Il a reçu, jusqu’à épuiser son stock de thé à offrir aux invités, toutes catégories confondues. Il a négocié, dans son bureau de Dar Dhiafa et ailleurs, presqu’avec tous les partis politiques, jusqu’à ne plus savoir que dire et ne savoir qu’offrir pour que le puzzle de partis de l’ARP s’imbrique et s’implique pour lui servir de bouclier, celui-là même dont il a besoin pour gouverner. Ennahdha, mentor du chef du gouvernement missionné, joue au chat et à la souris, tantôt dénigrant ses anciens ennemis des présidentielles Qalb Tounes, et tantôt flirtant avec lui, marchandant avec Mohamed Abbou le sort de deux ministères de souveraineté que Jemli jurait vouloir indépendants et non partisans. Seul lui était resté fidèle dans le silence, le parti Al-karama et dont elle [ Ennahdha] ne peut plus désormais se hasarder à inclure son président Seif Makhlouf au gouvernement, ce dernier étant devenu un reprise justice. La plupart du temps absent de son poste de «Rais Kheriji» au perchoir de l’ARP, Ghannouchi continue de jouer au sorcier d’opérette, manipulant la scène politique tunisienne.

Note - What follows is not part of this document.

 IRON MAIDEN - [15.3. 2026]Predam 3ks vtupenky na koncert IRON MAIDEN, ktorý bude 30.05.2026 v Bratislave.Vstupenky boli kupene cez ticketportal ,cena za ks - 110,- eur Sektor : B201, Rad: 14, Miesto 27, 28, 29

Avec Ridha Saïdi, le chef de gouvernement missionné, Habib Jemli a passé, ils ont passé, on suppose, des jours et des nuits à éplucher des CV. Parfois à en attendre d’autres qui ne sont jamais venus.

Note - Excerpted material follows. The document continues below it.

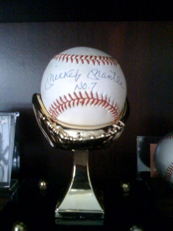 AWESOME ball! I used to collect all cards. FB, Hoops, baseball, and a few hockey. Sold most of my BIG cards a while back. One of which was a Jordan rookie (had almost that entire year of Fleer cards, so MANY HOFer rookies). Wishing I held onto that one, now. Used to have a McGwire rookie, Jerry Rice, Clemens, Puckett, and MANY others. I think I had like Jordan's first 8 or 9 regular edition cards that were out, and many of the special edition ones. As a kid, though I grew up never seeing him play, and I lived in MN, I LOVED Mantle. The first early prizes to my collection was a pair of Mantle cards I got for Christmas (a '66 and '68 respectively).

Peu de grosses pointures tunisiennes de l’économie, comme Habib Karaouli, Nouri Jouini, ont accepté ses propositions. Le 1er a décliné l’invitation à candidater à un poste de ministre, sans aller à Dar Dhiafa. Le second y est allé, sans CV car il n’en a pas besoin, et était sorti tout aussi silencieux qu’il était entré. D’autres, comme le député d’Ennahdha Fayçal Derbel, a envoyé son CV, tout en déclinant l’offre.
Noureddine Taboubi lui avait dit que ce qu’il faisait, notamment les réceptions au thé, était inutile et qu’il fallait passer directement à la formation du gouvernement. Jemli répondra que «les consultations n’étaient pas une perte de temps, mais nécessaires pour mettre au point les procédures, les outils et les orientations de gestion du travail gouvernemental, ce qui sera de nature à assurer la réussite». Une réponse qui en disait long sur le degré de préparation de l’homme à supporter les charges de ce nouveau statut d’homme d’Etat, avec une expérience de ses rouages, de ses impératifs et les «ikrahet» de sa gestion. Force est aussi de constater, au bout de ce 1er mois de tentatives infructueuses pour la formation du énième gouvernement d’une transition politique qui s’éternise et éternue, et d’une transition économique qui n’est même engagée, que Jemli n’a pas le carnet d’adresses qu’il faut. Et même aidé par l’ancien ministre Ridha Saïdi, il n’arrive toujours pas à faire son choix, si choix il avait, car ce n’est pas sûr, au vu de ses échecs à trouver les personnes qu’il faut, pour les fauteuils qu’il propose.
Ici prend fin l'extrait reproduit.